At rigid transformation TijThe corresponding local structures of the next two scenes (i, j) in good registration are also associated with TijThe alignment is good. Therefore, the relative pose between the local patches can be easily obtained by calculating the relative pose between the segments.
To achieve generalized relative pose prediction, three key components can be implemented: invariant network Ψ (P)c) Wherein g (t) is I; networkΨ (P) which varies depending on the input; and MLP ρ (·). The recent PPF folding network self-encoder is suitable for psi (P)c) Modeling because of Ψ (P)c) Is unsupervised, works for point blocks and achieves true invariance because the point-to-point feature (PPF) completely marginalizes the motion item. Interestingly, by preserving the same network architecture as the PPF folded network, if the PPF part is replaced with the 3D point itself Ψ (Pc), the intermediate features depend on both the structural and pose information. The PC folding network is used as an equal variation network psi (P) ═ g (T) } psi (P)c). By using the PPF folding network and the PC folding network, the rotation invariant feature and the rotation variant feature can be learned separately. As shown in fig. 3, the PPF folding network and the PC folding network share the same architecture, while performing different encoding of the partial blocks. The difference of the encoder outputs of the two networks, i.e. the potential features of the PPF folding network and the potential features of the PC folding network, respectively, is taken by a subtractor 6, resulting in features that are almost exclusively specific to pose (motion) information. These features are then fed into a generalized pose prediction network 8 to recover the rigid relative transformation. The overall architecture of the complete relative pose prediction is shown in fig. 4.

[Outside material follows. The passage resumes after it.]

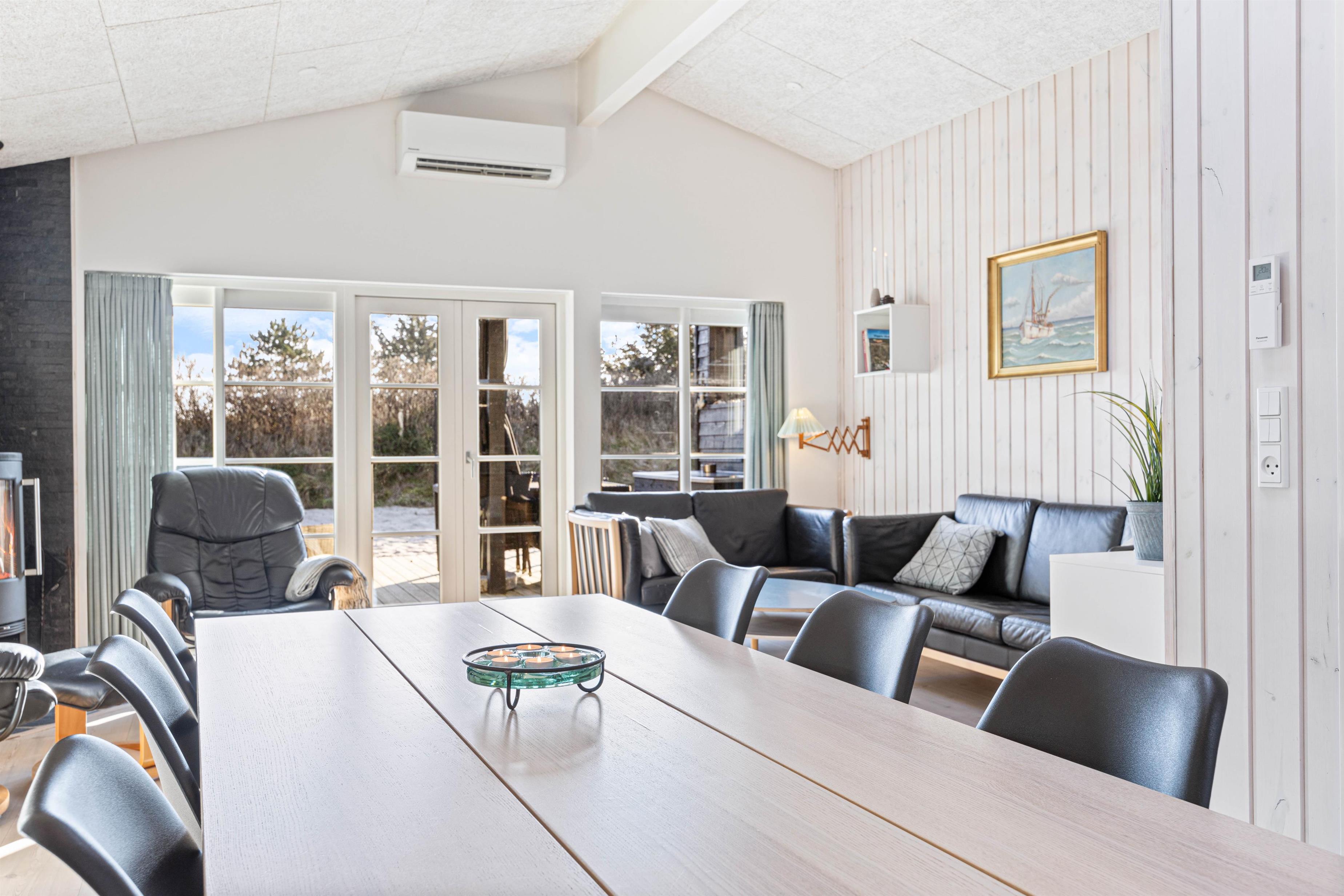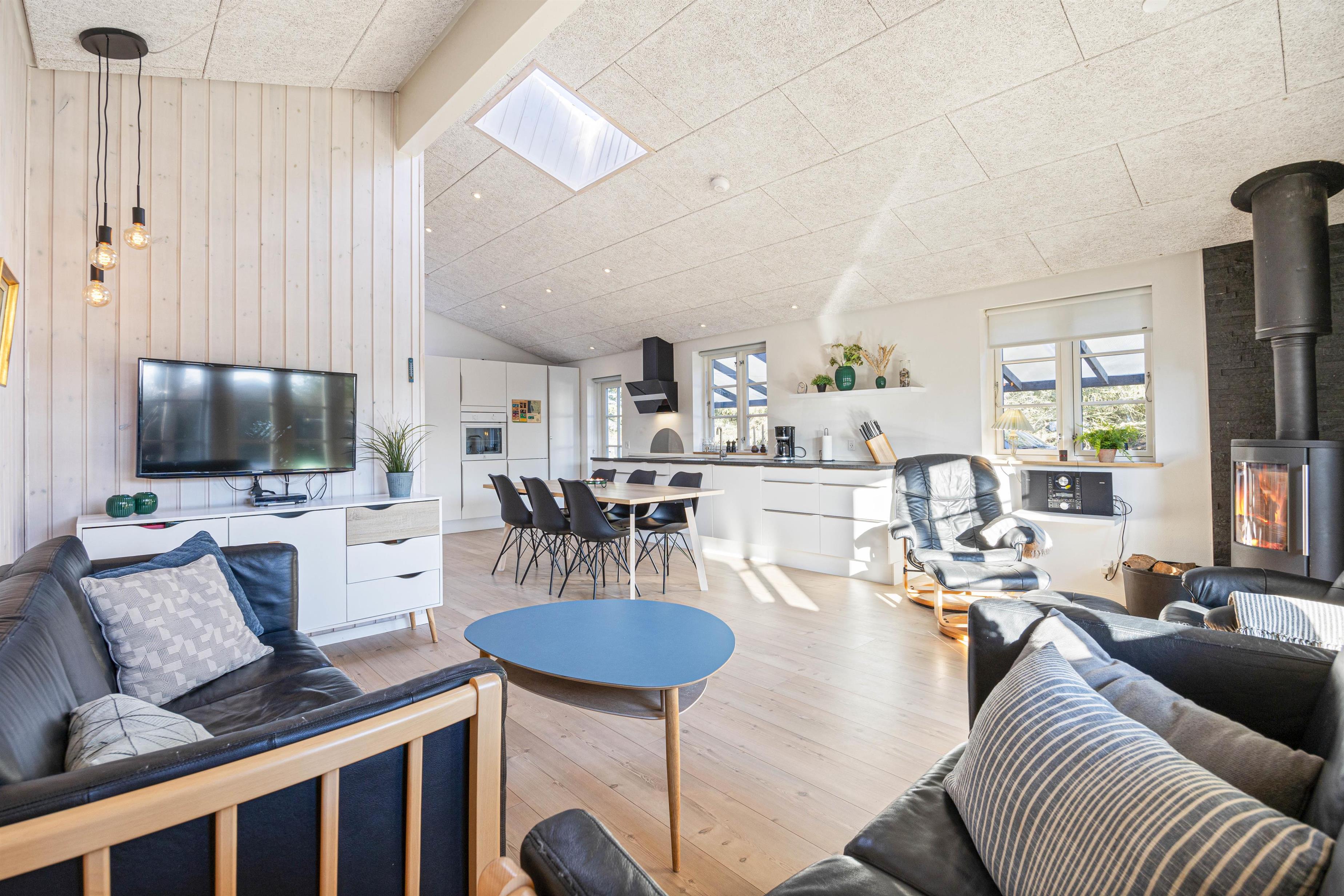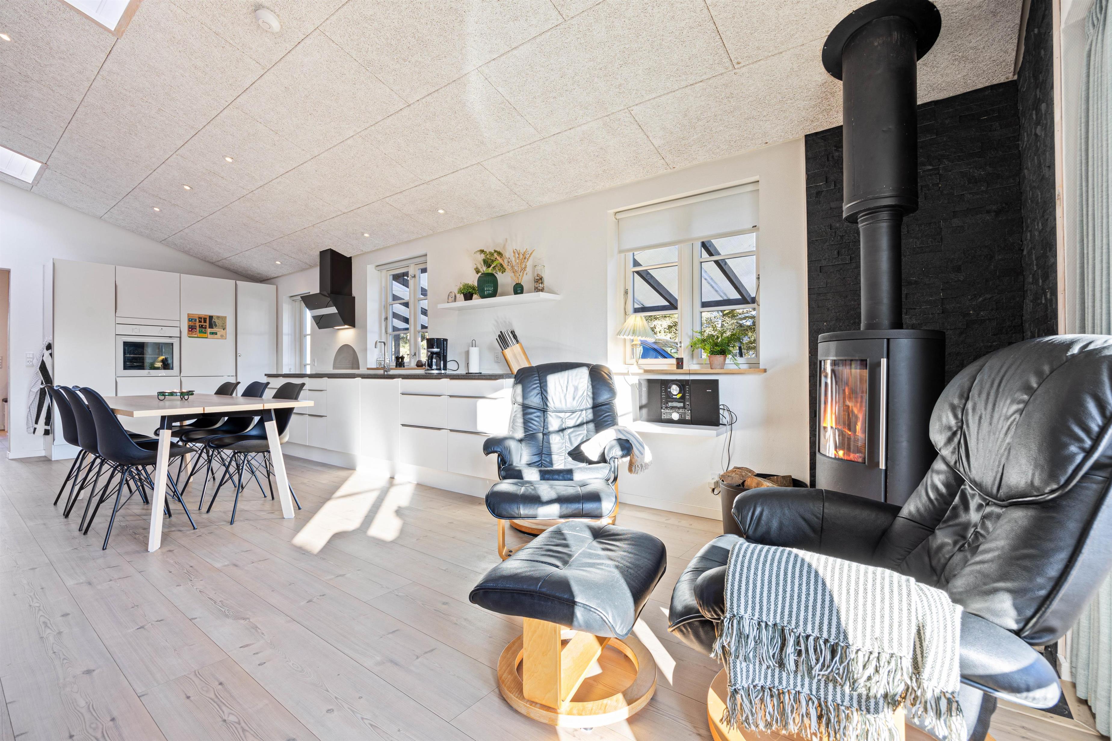Det lyse, åbne opholdsrum er sommerhusets hjerte byder med sine naturlige farver, højt til loftet og behagelige siddepladser til behagelig afslapning, f.eks. med et brætspil eller to ved det rummelige spisebord. Brændeovnen og den energibesparende varmepumpe giver et behageligt indeklima, og træets knitren skaber en helt særlig atmosfære og feriestemning.

Multiple cues, both supervised and unsupervised, may be used to train the network to guide the network in finding the optimal parameters. In particular, the loss function L may comprise three parts:
L=Lrec1Lpose2Lfeat (6)
Lrec、Lposeand LfeatRespectively, reconstruction loss, pose prediction loss and feature consistency loss. L isrecReflecting the reconstruction fidelity of the PC folding network/PPF folding network. In order to enable the encoder of the PPF folded network/PC folded network to generate good features for pose regression and good features for finding robust local correspondences, similar to the steps in the PPF folded network, two auto-encoders AE can be trained in an unsupervised way using the chamfer distance as a metric:
Figure BDA0003207055400000101
wherein the content of the first and second substances,
Figure BDA0003207055400000102
where the a operator refers to the (estimated) set of reconstructions. FppfRefers to a point pair characteristic of the same computed set of points.
The correspondence of the two local blocks is centralized and normalized before being sent to the PC/PPF folding network. This eliminates the translation section
Figure BDA0003207055400000103
Pose prediction loss LposeIs to enable a pose prediction network to predict the relative rotation R between given blocks12epsilon.SO (3). Thus, for LposeThe preferred choice of (c) describes the difference between the predicted rotation and the substantially true rotation:
Lpose=||q-q*||2 (9)
note that the rotation is parameterized by quaternions. This is mainly due to the reduced number of regression parameters and the lightweight projection operation-vector-normalization.
In a hypothetical correspondence (p)1,p2) And predicted rotation q*Conditional translation t*Can be calculated by:
t*=p1-R*p2 (10)
wherein R is*Corresponds to q*Is represented by a matrix of (a).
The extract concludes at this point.